Scientific classification
- Kingdom: Animalia
- Phylum: Arthropoda
- Class: Insecta
- Order: Odonata
- Infraorder: Anisoptera
- Family: Gomphidae
- Genus: Nychogomphus
- Species: N. striatus
- Binomial name: Nychogomphus striatus (Fraser, 1924)
- Synonyms: Onychogomphus striatus Fraser, 1924

= Nychogomphus striatus =

- Genus: Nychogomphus
- Species: striatus
- Authority: (Fraser, 1924)
- Conservation status: DD
- Synonyms: Onychogomphus striatus Fraser, 1924

Species of dragonfly

Nychogomphus striatus is a species of dragonfly in the family Gomphidae. It is endemic to the streams of Western Ghats of India. Reports from Nepal require further studies.

==Taxonomy==
Nychogomphus was established as subgenus of Onychogomphus by Carle (1986) with N. geometricus as the type based on the shape of the male cerci and the secondary genitalia. Chao (1990), in his
revision of Chinese gomphids elevated this taxon to genus level and transferred Onychogomphus duaricus and
O. striatus to Nychogomphus.

==Description and habitat==
It is a medium-sized dragonfly with bottle-green eyes. Its thorax is black on dorsum, marked with yellow. There is a mesothoracic collar, oblique antehumeral stripes joined to the mesothoracic collar, and complete humeral stripes. Laterally yellow, with two black lines mapping out the sutures. The humeral stripes tapering to a point below, and black lines on lateral
sutures rather thicker.
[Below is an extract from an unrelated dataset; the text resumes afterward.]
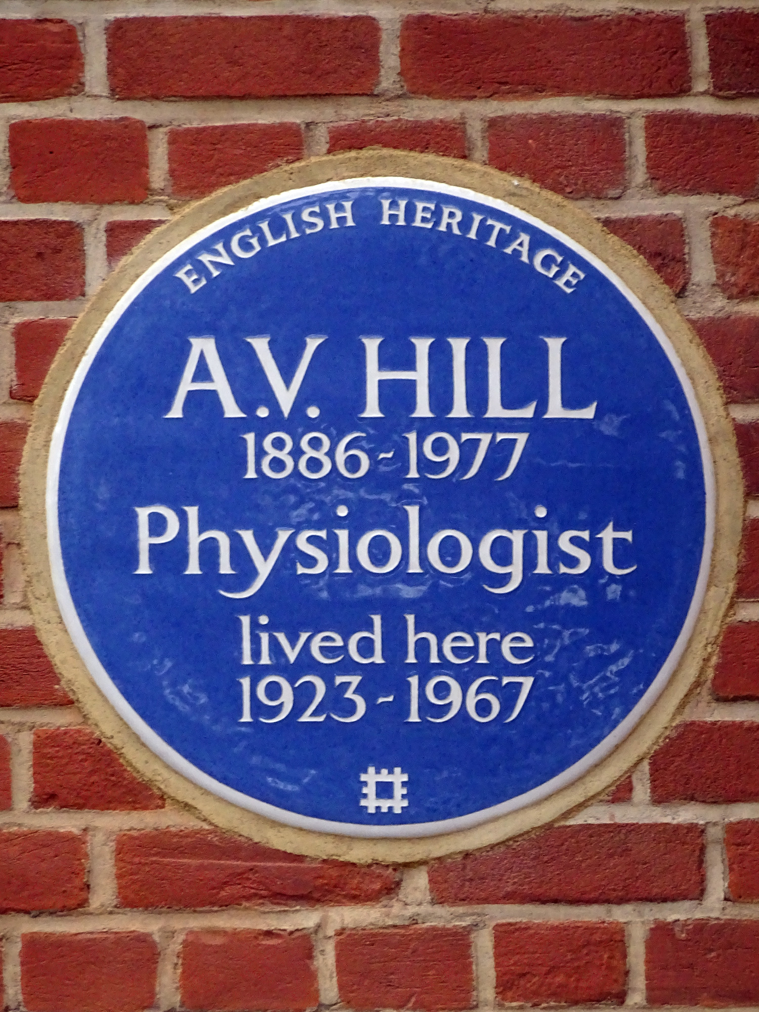 블루 플라크를 제안한 왕립 학회(FRS)의 랄프 콘 경은 "노벨상 수상자 A. V. 힐은 근육 생리학에 대한 우리의 이해에 크게 기여했다. 그의 연구는 스포츠 의학에서 광범위한 적용으로 이어졌다. 그는 뛰어난 인도주의자이자 국회의원으로서, 과학자와 다른 사람들에 대한 나치 정권의 박해를 단호히 비난했다.[28] A. V. 힐은 많은 난민들이 이 나라에서 그들의 연구를 계속할 수 있도록 돕고 구출하는 데 중요한 역할을 했다"고 말했다.[29][30][31]

Segment 1 of the abdomen is black, with a large lateral yellow spot. Segment 2 has a narrow basal black ring and broad sub-basal black stripes. Segments 3 to 6 have yellow basal rings and median dorsal spots. Segment 7 has its basal half yellow. Segment 8 and 9 are black, with a large yellow spot on each side. Segment 10 is entirely black. Superior anal appendages are yellow, the inferior is dark. Superiors have a fine black line along the upper surface of the apical third.

No information available on the habitat or ecology of this species, but it is likely to breed in rocky forest streams as other species in this genus.